→ Task:
For the data below, retype word for word the lines from the one containing "Ajax-trainer Alfred Schreuder" through the one containing "Opony zimowe DUNLOP"; drop the pictures.

→ The input:
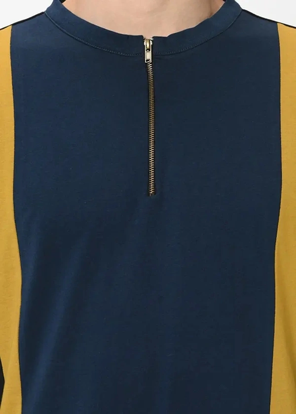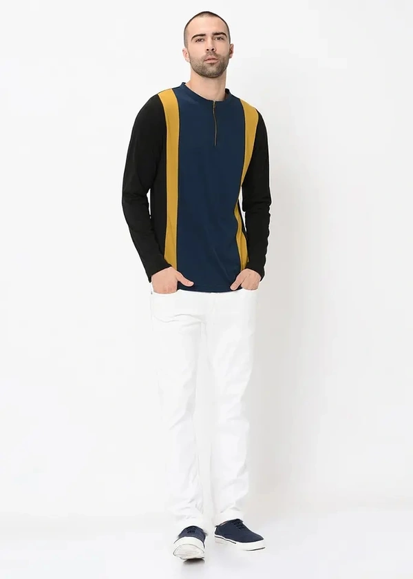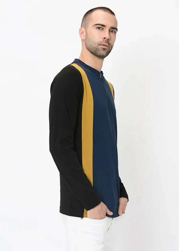 Three-Tone Colour Block Henley Zip Up T-Shirt
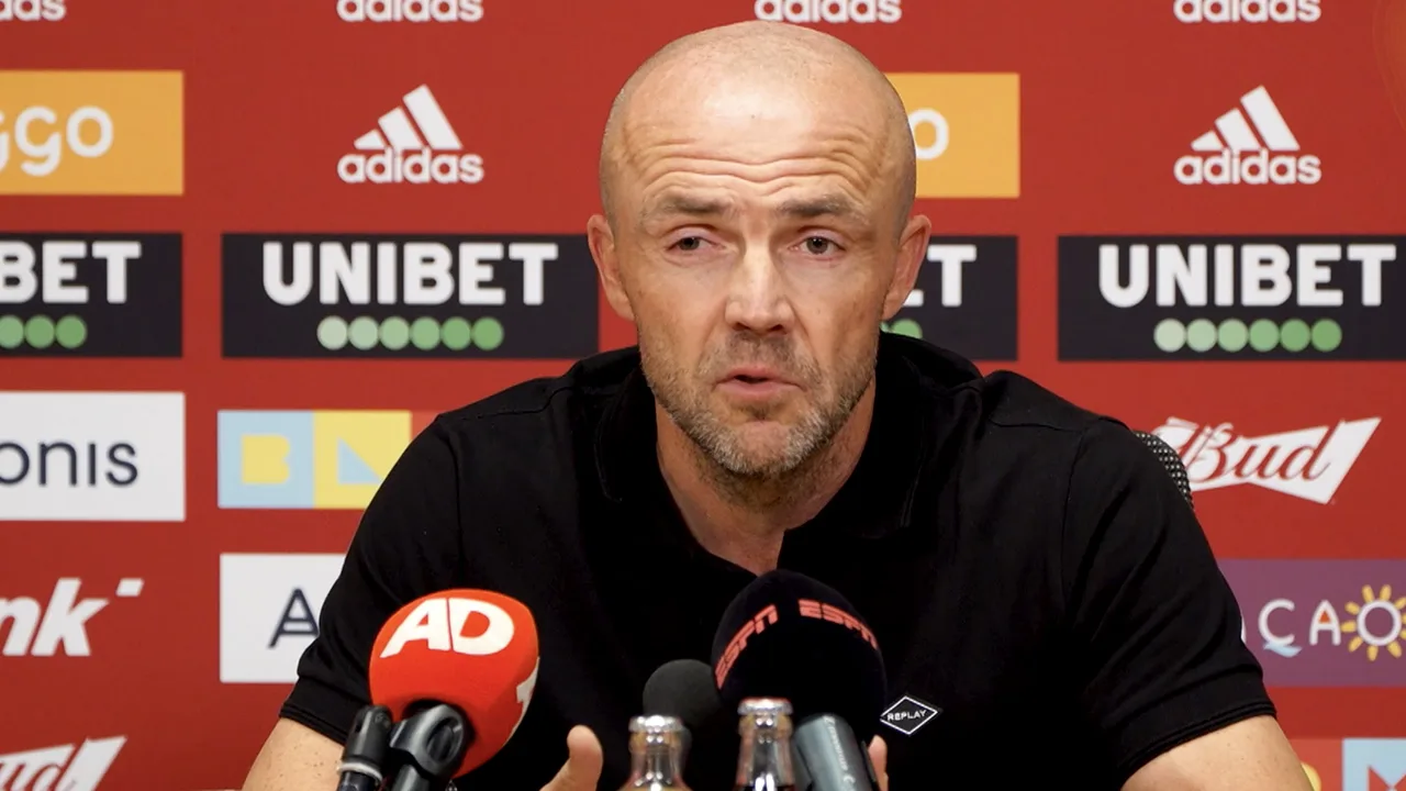 Ajax-trainer Alfred Schreuder op de persconferentie na afloop van de wedstrijd Ajax - SC Cambuur (4-0).
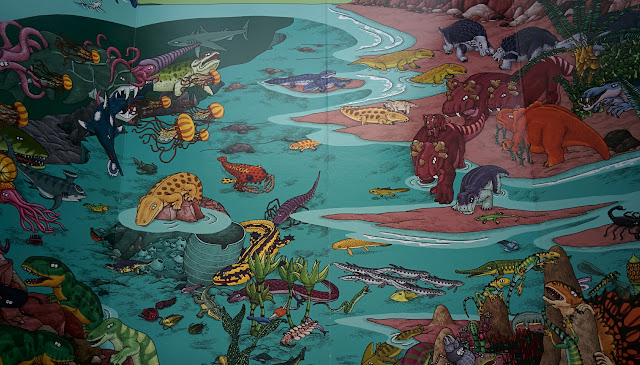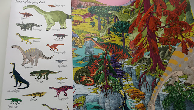 Как обычно, все развороты выполнены в виде раскладушки. Сначала можно посмотреть на динозавров и запомнить их имена, а потом раскрыть створки и поискать их на общей панораме.
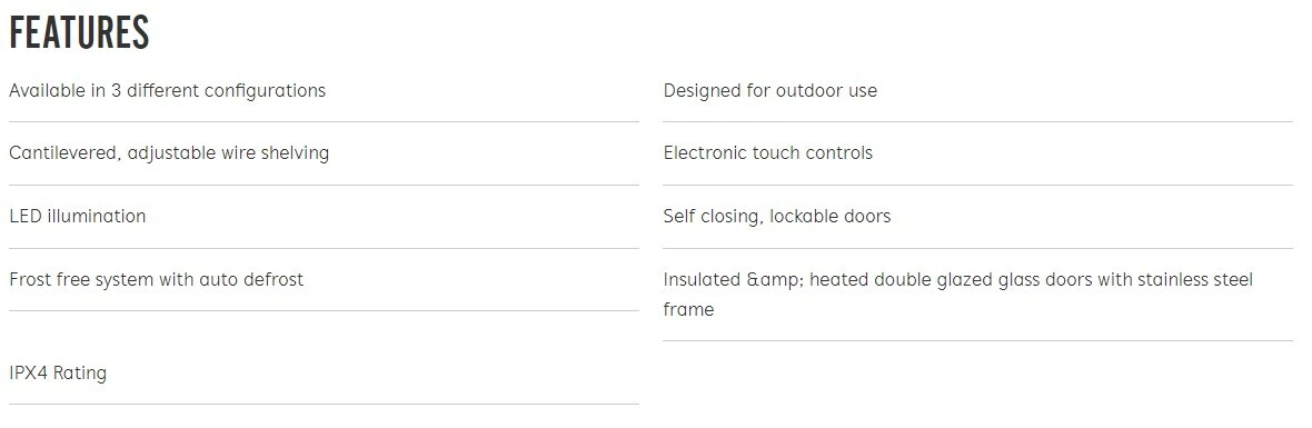 Insulated heated double glazed self closing doors. Adjustable temperature setting. Frost free system with auto defrost… Just to name a few benefits.
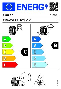 Opony zimowe DUNLOP SP WINTERSPORT 5 SUV w rozmiarze 225/60R17 o indeksie prędkości V (240 km/h) oraz indeksie nośności 103 (875 kg) charakteryzują się etykietą o następujących parametrach: opór toczenia C, przyczepność na mokrej nawierzchni B, poziom hałasu w dB 69.
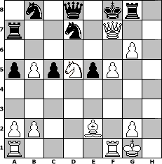game notation in PGN-format [Event "Drachenboote auf dem Rhein"] [Site "www.myChess.de"] [Date "2009.07.15"] [Round "1"] [White "Jolilein"] [Black "hape50"] [ECO "B01"] [WhitemyELO "1802"] [BlackmyELO "1384"] [Result "1-0"] [TimeControl "10/1728000"] [WhiteDays "20"] [BlackDays "20"] [MyChessNo "57485"] 1. e4 d5 2. exd5 Nf6 3. c4 c6 4. d4 e6 5. dxe6 Bxe6 6. Nf3 h6 7. Ne5 Bd6 8. Be2 O-O 9. O-O a6 10. Bf4 Bxe5 11. dxe5 Nfd7 12. Qb3 b5 13. Qg3 g5 14. Be3 c5 15. f4 f6 16. cxb5 a5 17. f5 Bd5 18. Nc3 fxe5 19. Nxd5 Ra7 20. h4 Kh7 21. hxg5 Rg8 22. g6+ Kg7 23. Bxh6+ Kxh6 24. Qh3+ Kg7 25. Qh7+ Kf8 26. Qf7# 1-0 position notation in FEN-format 1n1q1kr1/r2n1Q2/6P1/pPpNpP2/8/8/PP2B1P1/R4RK1 - - - 5 26 Captured white pieces: Captured black pieces: Click on a captured piece in order to display the desired move!
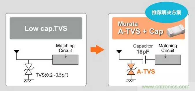 因此,不會產生諧波噪聲的村田的A-TVS(LXES**A系列)可以說更加適用于RF天線的ESD保護方案。
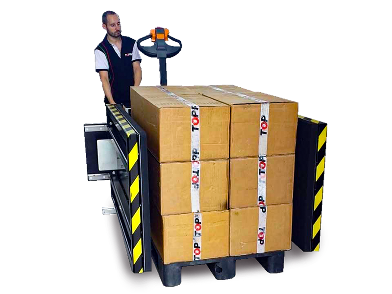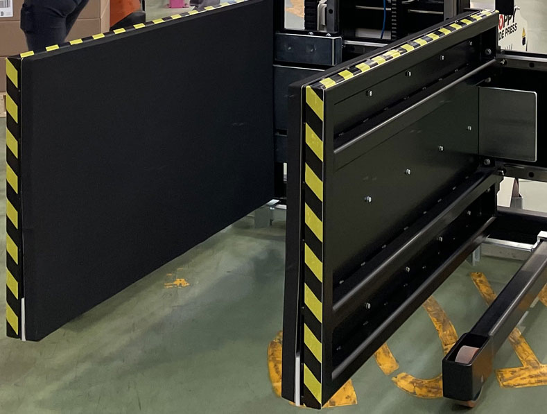 The side platforms are fitted with padded clamps to protect the product from any damage during lateral pressure. The pressure can be adjusted using a pressure gauge on the machine to accommodate the load’s specific characteristics.
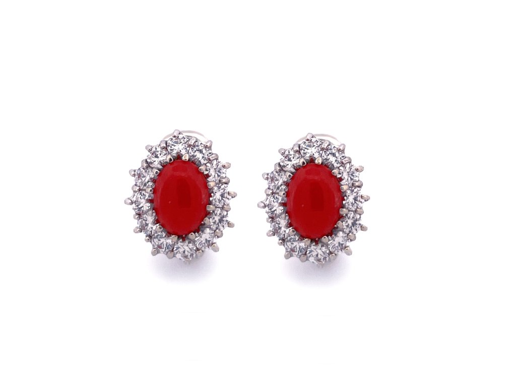Náušnice s korálem a zirkonem v bílém zlatě 2000219320003
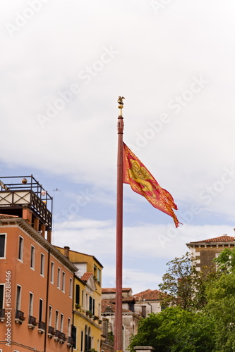 Fototapeta - Flaga Wenecji z lwem św. Marka na tle nieba

→ Finished task:
 Ajax-trainer Alfred Schreuder op de persconferentie na afloop van de wedstrijd Ajax - SC Cambuur (4-0).
 Как обычно, все развороты выполнены в виде раскладушки. Сначала можно посмотреть на динозавров и запомнить их имена, а потом раскрыть створки и поискать их на общей панораме.
 Insulated heated double glazed self closing doors. Adjustable temperature setting. Frost free system with auto defrost… Just to name a few benefits.
 Opony zimowe DUNLOP SP WINTERSPORT 5 SUV w rozmiarze 225/60R17 o indeksie prędkości V (240 km/h) oraz indeksie nośności 103 (875 kg) charakteryzują się etykietą o następujących parametrach: opór toczenia C, przyczepność na mokrej nawierzchni B, poziom hałasu w dB 69.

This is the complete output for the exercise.